Rats 'sneeze' a lot when investigating new smells and scents - which would make sense in terms of why the rat sneezes outside the cage or when you're near, and not inside etc. If it becomes persistent then it may be worth taking him/her to the vet for a quick check up.

So, nothing to worry about


----------



## kate946 (Sep 19, 2012)

Thanks for your response!

The handling is coming along great. I've been reading up for months before I got them.

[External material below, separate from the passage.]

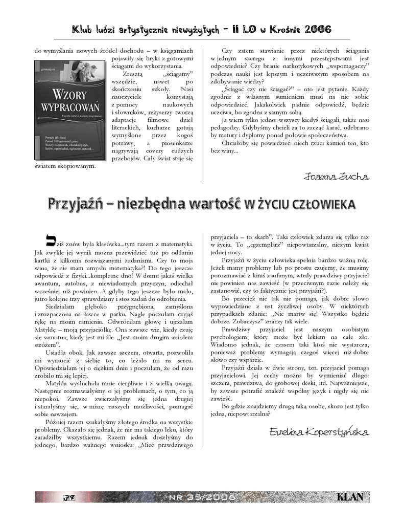 .OXEOXG]LDUW\VW\F]QLHQLHZ\u\W\FK,,/2Z.URqQLH GRZ\P\SODQLD QRZ\FK mUyGHâ GRFKRGX ² Z NVLJDUQLDFK SRMDZLâ\ VL EU\NL ]JRWRZ\PL SFL JDPLGRZ\NRU]\VWDQLD =UHV]W ÅSFL JDP\µ ZV]G]LH QDZHW SR VNR>F]HQLX V]NRâ\ 1DVL QDXF]\FLHOH NRU]\VWDM ]SRPRF\ &]\ ]DWHP ZMHGQ\P VWDZLDQLH V]HUHJX ] SU]H] QLHNWyU\FK SFL JDQLD SU]HVWSVWZDPL LQQ\PL MHVW RGSRZLHGQLH" &]\ EUDQLH QDUNRW\NRZ\FK ÅZVSRPDJDF]\µ SRGF]DV QDXNL MHVW OHSV]\P L XF]FLZV]\P VSRVREHP QD ]GRE\ZDQLHZLHG]\" ÅRFL JDý F]\ QLH ]JRGQLH ] RGSRZLHG]LHý QDXNRZ\FK SFL JDý"µ ² RWR MHVW S\WDQLH .DoG\ ZâDVQ\P VXPLHQLHP -DNDNROZLHN PXVL QD QLH RGSRZLHGm SDGQLH VRELH EG]LH XF]FLZDER]JRGQD]VDP\PVRE LVâRZQLNyZ UHo\VHU]\ WZRU] G]LHâ -D ZLHP W\ONR MHGQR ZV]\VF\ NLHG\S SFL JDOL WDNoH QDVL NXFKDU]H JRWXM SHGDJRG]\*G\E\SP\FKFLHOL ]DWR]DF] ýNDUDý RGHEUDQR SU]H] NRJRS E\PDWXU\LG\SORP\SRQDGSRâRZLHVSRâHF]H>VWZD DGDSWDFMH ILOPRZH OLWHUDFNLFK Z\P\SORQH SRWUDZ\ D QDJU\ZDM FRYHU\ &KFLDâRE\ VL SRZLHG]LHý QLHFK U]XFL NDPLH> WHQ NWR SLRVHQNDU]H EH]ZLQ\ FXG]\FK SU]HERMyZ&Dâ\SZLDWVWDMHVL SZLDWHPVNRSLRZDQ\P (L>KK>(R@E> 3U]\MD.tQLH]EGQDZDUWR$:/<&,8&=ü2:,(.$ 'S ]L ]QyZ E\âD NODVyZNDW\P UD]HP ] PDWHPDW\NL -DN ]Z\NOH MHM Z\QLN PRoQD SU]HZLG]LHý WXo SR RGGDQLX SU]\MDFLHOD ² WR VNDUEµ 7DNL F]âRZLHN ]GDU]D VL W\ONR UD] Zo\FLX 7R ÅHJ]HPSODU]µ QLHSRZWDU]DOQ\ QLF]\P NZLDW MHGQHMQRF\ NDUWNL ] NLONRPD UR]ZL ]DQ\PL ]DGDQLDPL &]\ WR PRMD 3U]\MDm> Z o\FLX F]âRZLHNDVSHâQLD EDUG]R ZDoQ URO oHQLH PDP XP\VâX PDWHPDW\ND" 'R WHJR MHV]F]H RGSRZLHGm ] IL]\NLNRPSOHWQH GQR :GRPX MDNDS ZLHOND -HoHOL PDP\ SUREOHP\ OXE SR SURVWX F]XMHP\ oH PXVLP\ ZLQD SRUR]PDZLDý]NLPS]DXIDQ\PZWHG\SUDZG]LZ\SU]\MDFLHO DZDQWXUD DXWREXV ] QLHZLDGRP\FK SU]\F]\Q RGMHFKDâ QLHSRZLQLHQ QDV ]DZLHSý Z SU]HFLZQ\P UD]LH QDOHo\ VL ZF]HSQLHM QLoSRZLQLHQ$ JG\E\ WHJR MHV]F]H E\âR PDâR ]DVWDQRZLýF]\WRIDNW\F]QLHMHVWSU]\MDm>" MXWURNROHMQHWU]\VSUDZG]LDQ\LVWRV]DGD>GRRGURELHQLD JâERNR 6LHG]LDâDP SU]\JQELRQD ]DP\SORQD %R SU]HFLHo QLF WDN QLH SRPDJD MDN GREUH VâRZR Z\SRZLHG]LDQH ] XVW o\F]OLZHM RVRE\ : QLHNWyU\FK L]UR]SDF]RQD QD âDZFH Z SDUNX 1DJOH SRF]XâDP F]\M S SU]\SDGNDFK ]GDQLH Å1LH PDUWZ VL :V]\VWNR EG]LH UN QD PRLP UDPLHQLX 2GZUyFLâDP JâRZ L XMU]DâDP GREU]H=REDF]\V]µ]QDF]\WDNZLHOH 0DW\OG ² PRM SU]\MDFLyâN 2QD ]DZV]H ZLH NLHG\ F]XM 3UDZG]LZ\ SU]\MDFLHO VL VDPRWQD NLHG\ MHVW PL mOH Å-HVW PRLP GUXJLP DQLRâHP SV\FKRORJLHP VWUyoHPµ :LDGRPR MHGQDN 8VLDGâD RERN -DN ]DZV]H V]F]HUD RWZDUWD SR]ZROLâD PL Z\U]XFLý ] VLHELH WR FR OHoDâR PL QD VHUFX 2SRZLHG]LDâDP MHM R FLoNLP GQLX L SRF]XâDP oH RG UD]X ]URELâRPLVLOHSLHM 1DVWSQLH UR]PDZLDâ\SP\ R MHM SUREOHPDFK R W\P FR M QLHSRNRL =DZV]H ]ZLHU]Dâ\SP\ VL MHGQD GUXJLHM LVWDUDâ\SP\ VL ZPLDU QDV]\FK PRoOLZRSFL SRPDJDý 3ymQLHMUD]HPV]XNDâ\SP\]âRWHJR SURGND QDZV]\VWNLH SUREOHP\2ND]DâRVLMHGQDN oHQLHPDWDNLHJROHNXNWyU\ 5D]HP MHGQDN GRV]â\SP\ GR MHGQHJR EDUG]R ZDoQHJR ZQLRVNX Å0LHý SUDZG]LZHJR QDV]\P OHNLHP QD RVRELVW\P FDâH ]âR F]DVHP WDNL NWRS QLH Z\VWDUF]D SRQLHZDo SUREOHP\ Z\PDJDM F]HJRS ZLFHM QLoGREUH 3U]\MDm> G]LDâD Z GZLH VWURQ\ W]Q SU]\MDFLHO SRPDJD -HM FHFK\ PRoQD E\ Z\PLHQLDý GâXJR V]F]HUD SUDZG]LZD GR JURERZHM GHVNL LWG 1DMZDoQLHMV]H E\ ]DZV]H SRWUDILý ]QDOHmý ZVSyOQ\ M]\N L QLJG\ VL QLH ]DZLHSý %RJG]LH]QDMG]LHP\GUXJ WDN RVREVNRUR MHVWW\ONR MHGQDQLHSRZWDU]DOQD" VRELHQDZ]DMHP ]DUDG]LâE\ ZV]\VWNLHPX oH MHVW E\ý VâRZRF]\ZVSDUFLH SU]\MDFLHORZL 0DW\OGD Z\VâXFKDâD PQLH FLHUSOLZLH L ] ZLHON XZDJ PRoH NWyU\ #TBIFK>)LMBOPQVPH>

Yoghurt on a spoon won them over very fast :001_tongue:

Just last night one of my boys learnt to climb on my hand (I had to cover my hand with my fleece though) I then placed him gently on the bed, and he then learnt to climb up my jumper onto my shoulder and then walk my arm like a plank back into the cage. He tested it over 20 times! The little monkey! 

I understand that organges are best steered clear of. So far over the week they've enjoyed cucumber, banana, yellow pepper, apple, raisins, baby food - pasta chicken and squash (they loved that!), and low fat turkey ham for their protein. 

I've been filling a small hamster bowl - if that's about the right portion size??

I sense that after about 30 minutes they start to have enough of their play time, possibly because they are tired. I have one of those igloo's which they use as their nest and I bring that out with me for play time so they have a familiar bolt hole to run to when they get freaked out. It's usually about 30 minutes when they go in the igloo and stop coming out, but one night they were out for 45 minutes before they stopped exploring. 

Just before I go to bed they have another shorter play, and sometimes in the morning before I go to work. I've got this lovely soft carry pouch that I made which they love, so I carry them around in that. They've started to just step straight in. They are still very wary of my bare hands though and run when I stroke them. Although I can very gently stroke them when they are eating the yoghurt from the spoon.


I think all in all though they've made fab progress. They were semi-socialised so I'm pretty proud of myself. 

That's good news about the pinging! 

Sometimes when they seem to wink at me! Does that mean anything? lol, or is it just a quirk?


----------



## tomby1 (Sep 18, 2012)

Sounds like you're approaching things really well and with your ratties in mind.

Their extra protein sounds fine. I would personally say a small hamster bowl is a little much. I find its best to give them most of their 'treats' when they are out of the cage as it means your ratties will also think of you as their source of food - so literally you can get to the point where you can have a nap and they will just sleep alongside you on the sofa  (very cute)

Sounds like you're progressing really well with them. The more you give to them, the more they will give back to you - as ultimately they are social animals and will see you as part of (and head of) their family. 

When a rat winks at you, it means it is ready to move to the next stage of its life, where they grow wings and fly into the sun.
Or alternatively, you could just have caught the rat love bug and are imagining it!


----------



## blade100 (Aug 24, 2009)

The small sized hamster bowls seem fine to me! What I tend to do is fill the bowl in the morning and then re fill the next day if it's all been eaten.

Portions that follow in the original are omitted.